▸ **Task brief**:
Exact reproduction required: the lines below from the line with "Edition表紙は松村北斗! SixTONES 2026.01.162026.01.24" to the line with "Văn Thời). |", both ends included, and no others.
──────── Provided material
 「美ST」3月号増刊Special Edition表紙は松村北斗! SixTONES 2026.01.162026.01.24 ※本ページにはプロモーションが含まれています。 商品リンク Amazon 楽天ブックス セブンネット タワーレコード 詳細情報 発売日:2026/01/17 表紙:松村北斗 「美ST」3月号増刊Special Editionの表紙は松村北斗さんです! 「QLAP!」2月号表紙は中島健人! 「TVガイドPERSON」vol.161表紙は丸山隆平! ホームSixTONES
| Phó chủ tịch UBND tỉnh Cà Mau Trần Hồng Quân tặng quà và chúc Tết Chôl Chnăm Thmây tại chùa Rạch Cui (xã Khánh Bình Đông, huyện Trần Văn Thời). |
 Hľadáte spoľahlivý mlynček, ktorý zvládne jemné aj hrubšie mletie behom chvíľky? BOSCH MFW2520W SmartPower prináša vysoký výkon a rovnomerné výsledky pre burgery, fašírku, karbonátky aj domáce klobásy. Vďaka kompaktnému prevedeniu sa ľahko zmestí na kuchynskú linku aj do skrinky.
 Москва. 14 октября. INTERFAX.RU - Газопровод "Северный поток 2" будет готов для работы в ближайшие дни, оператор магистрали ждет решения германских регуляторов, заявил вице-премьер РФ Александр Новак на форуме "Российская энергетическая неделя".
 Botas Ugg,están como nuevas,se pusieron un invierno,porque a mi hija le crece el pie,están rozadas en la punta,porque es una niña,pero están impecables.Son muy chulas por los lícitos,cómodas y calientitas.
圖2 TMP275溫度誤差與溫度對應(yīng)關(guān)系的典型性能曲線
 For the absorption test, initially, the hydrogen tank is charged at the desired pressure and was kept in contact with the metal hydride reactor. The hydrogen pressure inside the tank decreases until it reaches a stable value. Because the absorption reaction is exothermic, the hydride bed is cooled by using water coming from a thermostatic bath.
────────────────
──────── Provided material
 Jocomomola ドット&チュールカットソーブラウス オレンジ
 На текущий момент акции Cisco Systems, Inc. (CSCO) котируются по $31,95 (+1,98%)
────────────────
──────── Provided material
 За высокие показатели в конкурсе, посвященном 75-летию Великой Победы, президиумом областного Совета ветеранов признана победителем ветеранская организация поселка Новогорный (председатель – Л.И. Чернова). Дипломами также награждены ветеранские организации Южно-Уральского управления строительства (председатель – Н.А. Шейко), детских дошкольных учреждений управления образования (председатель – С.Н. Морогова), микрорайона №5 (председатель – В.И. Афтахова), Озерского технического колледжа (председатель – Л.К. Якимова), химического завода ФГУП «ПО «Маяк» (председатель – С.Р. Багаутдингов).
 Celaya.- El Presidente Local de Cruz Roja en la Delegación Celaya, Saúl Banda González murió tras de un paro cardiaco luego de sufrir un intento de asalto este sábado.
────────────────
▸ **Solution to this task**:
 「美ST」3月号増刊Special Edition表紙は松村北斗! SixTONES 2026.01.162026.01.24 ※本ページにはプロモーションが含まれています。 商品リンク Amazon 楽天ブックス セブンネット タワーレコード 詳細情報 発売日:2026/01/17 表紙:松村北斗 「美ST」3月号増刊Special Editionの表紙は松村北斗さんです! 「QLAP!」2月号表紙は中島健人! 「TVガイドPERSON」vol.161表紙は丸山隆平! ホームSixTONES
| Phó chủ tịch UBND tỉnh Cà Mau Trần Hồng Quân tặng quà và chúc Tết Chôl Chnăm Thmây tại chùa Rạch Cui (xã Khánh Bình Đông, huyện Trần Văn Thời). |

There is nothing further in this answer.